To the narcotics agents investigating drug smuggling in Puerto Rico prisons, it seemed at first like a typical scheme: associates of an inmate gang sneaking drugs into the prison, gang members distributing them inside and bank records showing the money flowing.

Then the agents discovered something unusual.

Leaders of the prison gang known as Los Tiburones, or the Sharks, were selling drugs to inmates not only for money, but for their votes. Specifically, votes for now-Gov. Jenniffer González-Colón, a longtime Republican and supporter of President Donald Trump, investigators found.

To make sure the inmates — many of whom were addicted — complied, the gang’s leaders threatened violence and to withhold drugs, the investigators learned. Corrections employees in on the plan looked the other way as the gang, formally known as Group 31, ran the enterprise.

What at first seemed like a routine drug case had turned into something bigger. Puerto Rico, along with just a couple of U.S. states, allows inmates to vote. Puerto Ricans living in the territory can vote in all contests except federal general elections. It is a felony to willfully offer money or gifts in exchange for support at the polls. A conviction carries fines of as much as $250,000 and imprisonment of up to two years.

Investigators had gathered solid evidence of election fraud implicating both inmates and staff, and they were working toward determining whether González-Colón or her campaign was involved, four people with knowledge of the case told ProPublica. They requested anonymity because they are not authorized to speak publicly about the case.
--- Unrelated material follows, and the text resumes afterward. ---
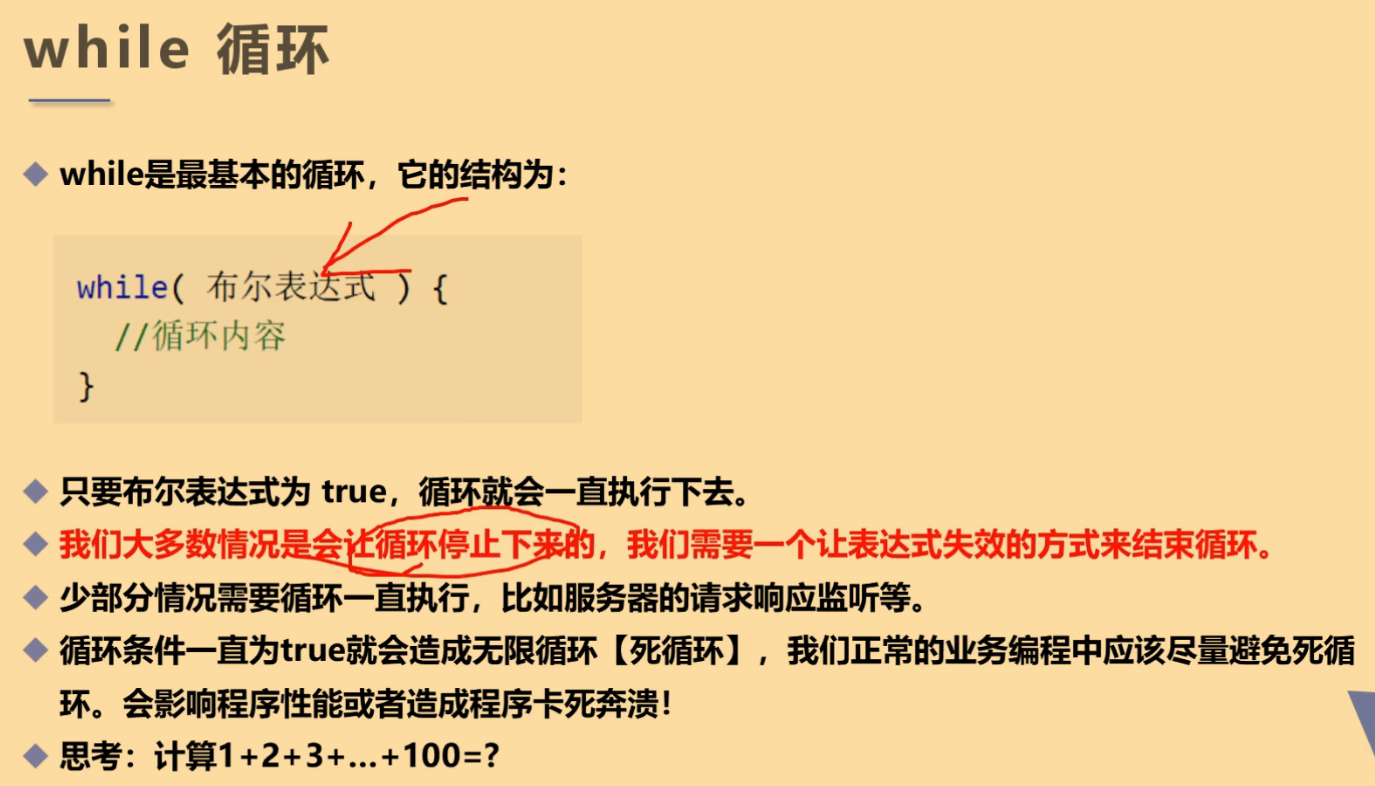我们大多数情况会让循环停止下来的,我们需要一个让表达式失效的方式来结束循环。

But as federal prosecutors prepared an indictment against the inmates and staff in November 2024 — just days after Trump won the election and González-Colón clinched the governorship — they received a surprising directive. Their bosses in the U.S. Attorney’s Office for the District of Puerto Rico instructed them to exclude the voting-related counts against the inmates and all charges against the prison staff, an investigation by ProPublica found.

In December, they filed an indictment charging 34 inmates and associates with crimes including drug distribution resulting in at least four overdose deaths, money laundering and possessing a firearm. And while prosecutors described the drugs-for-votes scheme in the court filing, they did not include a single charge related to it.

Soon after Trump took office, the lead prosecutor, Jorge Matos, was told by a supervisor to take the investigation no further, according to four people familiar with the case.

“Before the election, it was definitely full steam ahead,” said one person familiar with the case. “After the election, that all changed.”

Matos, who left the Justice Department in June 2025, did not respond to phone calls or texts from ProPublica or attempts to reach him on social media.

For those working on the case, the decision to scrap the investigation was especially puzzling given the new president’s agenda; Trump issued executive orders in early 2025 aimed at eradicating drug traffickers and declaring election integrity “fundamental” to maintaining American democracy.

“We invested so much effort to make a difference,” said another person. “We’re frustrated, but there’s nothing we can do.”

People close to the case wondered if politics had played a bigger role than law and order. Trump congratulated González-Colón in a letter shared at her January 2025 inauguration saying, “I am so proud of your resounding victory.” That same month, she pushed to erect a statue of him at the Capitol building in San Juan alongside other presidents who’ve visited the island. “He deserves that,” she said, according to an official post from the Federal Affairs Administration of Puerto Rico on X.

W. Stephen Muldrow, the U.S. attorney for the District of Puerto Rico, was appointed by Trump in 2019 and has served continuously since then. His name appears on the indictment along with those of three assistant U.S. attorneys. Muldrow told ProPublica his office does not comment on open investigations other than in press releases or press conferences. While a couple of the inmates have accepted plea deals, most of the drug and money-laundering cases against the inmates and associates are still making their way through the court system.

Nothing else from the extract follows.